What the exercise asks: Dropping every picture, set down exactly the lines in the entries below, starting with the line with "今日の大福豆の煮ものは焼き物機で調理しました。ふっくらと煮えていました。" and going on through the line with "Data entry on".

Supplied records:
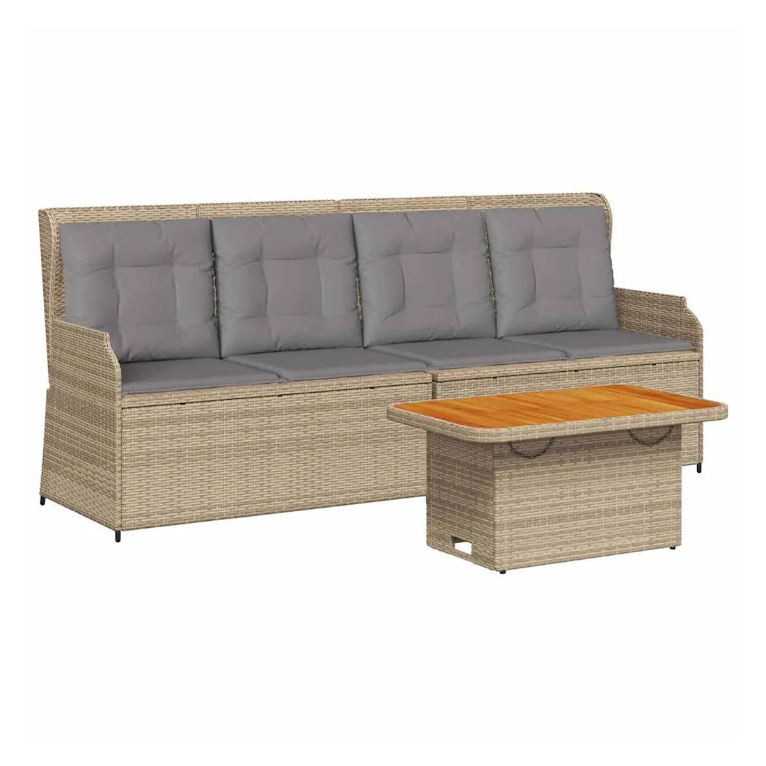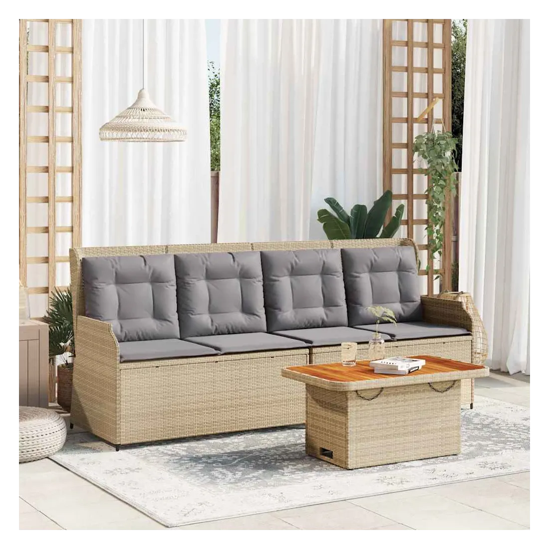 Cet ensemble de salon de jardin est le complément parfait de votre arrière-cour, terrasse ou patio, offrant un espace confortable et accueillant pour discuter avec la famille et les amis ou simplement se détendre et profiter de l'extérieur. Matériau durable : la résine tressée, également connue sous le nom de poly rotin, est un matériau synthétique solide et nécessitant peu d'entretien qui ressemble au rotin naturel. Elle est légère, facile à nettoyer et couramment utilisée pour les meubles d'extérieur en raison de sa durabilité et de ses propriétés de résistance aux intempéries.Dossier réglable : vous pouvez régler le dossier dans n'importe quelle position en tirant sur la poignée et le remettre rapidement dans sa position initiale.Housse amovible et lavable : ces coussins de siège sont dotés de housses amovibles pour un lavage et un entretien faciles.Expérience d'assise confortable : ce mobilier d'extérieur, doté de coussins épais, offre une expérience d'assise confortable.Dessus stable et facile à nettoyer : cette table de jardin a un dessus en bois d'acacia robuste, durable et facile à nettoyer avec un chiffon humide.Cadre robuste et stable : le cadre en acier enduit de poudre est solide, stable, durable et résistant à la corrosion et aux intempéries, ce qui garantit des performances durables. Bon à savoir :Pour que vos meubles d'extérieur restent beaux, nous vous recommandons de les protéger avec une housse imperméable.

--

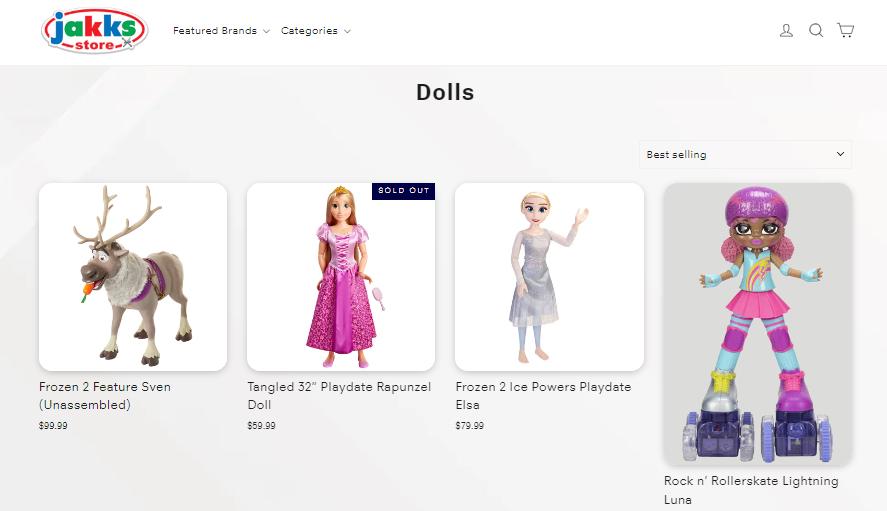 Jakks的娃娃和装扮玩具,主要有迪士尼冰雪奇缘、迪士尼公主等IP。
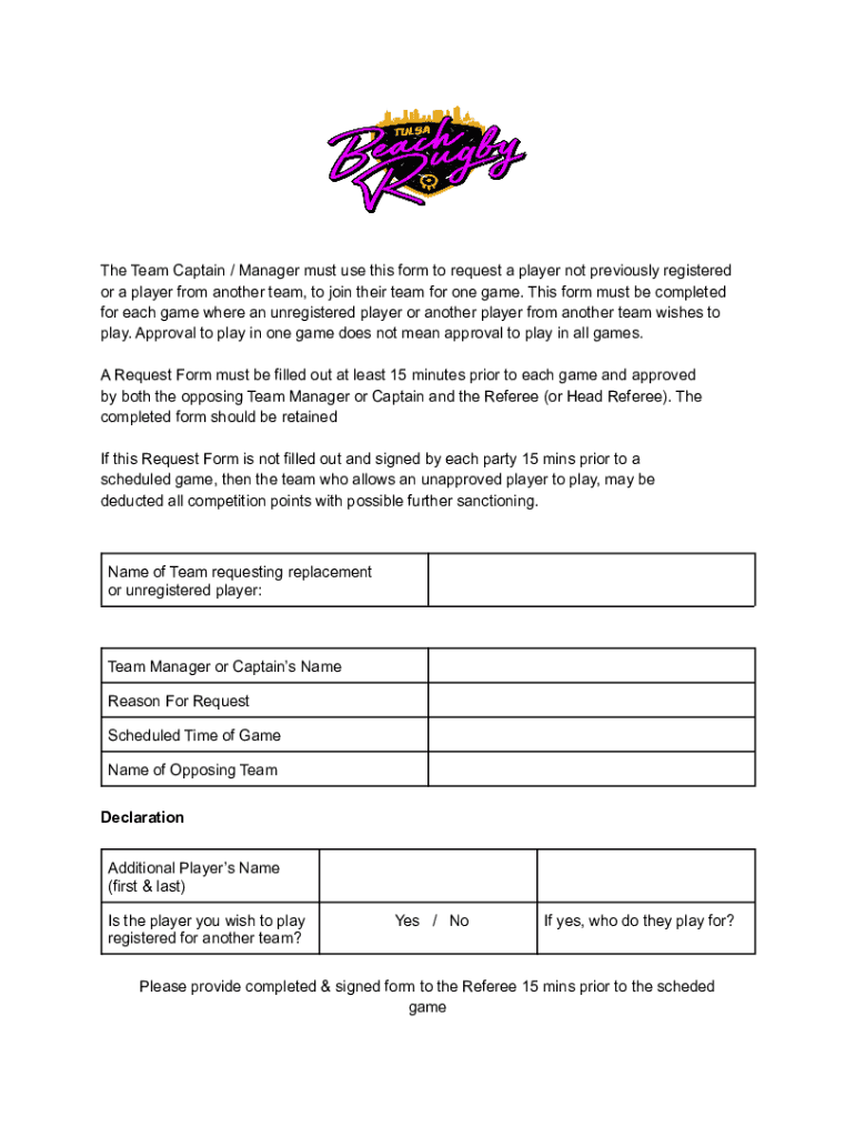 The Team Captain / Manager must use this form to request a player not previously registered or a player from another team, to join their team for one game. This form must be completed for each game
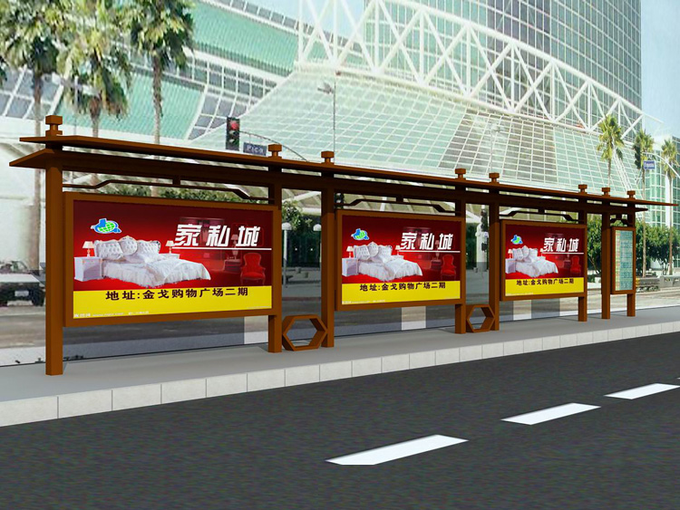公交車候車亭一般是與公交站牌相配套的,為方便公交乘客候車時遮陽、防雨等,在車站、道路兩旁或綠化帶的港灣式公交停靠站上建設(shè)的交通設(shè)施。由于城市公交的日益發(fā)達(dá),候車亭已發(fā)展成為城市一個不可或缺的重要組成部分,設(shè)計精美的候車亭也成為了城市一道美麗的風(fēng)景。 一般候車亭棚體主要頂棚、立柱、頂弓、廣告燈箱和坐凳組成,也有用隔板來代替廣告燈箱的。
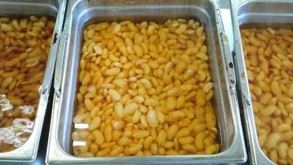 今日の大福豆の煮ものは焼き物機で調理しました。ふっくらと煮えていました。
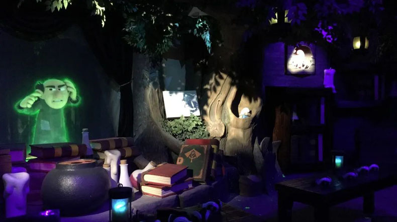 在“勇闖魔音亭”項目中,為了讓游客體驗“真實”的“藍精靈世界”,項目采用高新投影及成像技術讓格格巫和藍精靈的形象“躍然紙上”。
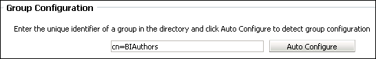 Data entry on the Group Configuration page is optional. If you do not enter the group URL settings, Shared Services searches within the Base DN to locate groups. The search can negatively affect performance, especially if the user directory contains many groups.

Task response:
 今日の大福豆の煮ものは焼き物機で調理しました。ふっくらと煮えていました。
 在“勇闖魔音亭”項目中,為了讓游客體驗“真實”的“藍精靈世界”,項目采用高新投影及成像技術讓格格巫和藍精靈的形象“躍然紙上”。
 Data entry on the Group Configuration page is optional. If you do not enter the group URL settings, Shared Services searches within the Base DN to locate groups. The search can negatively affect performance, especially if the user directory contains many groups.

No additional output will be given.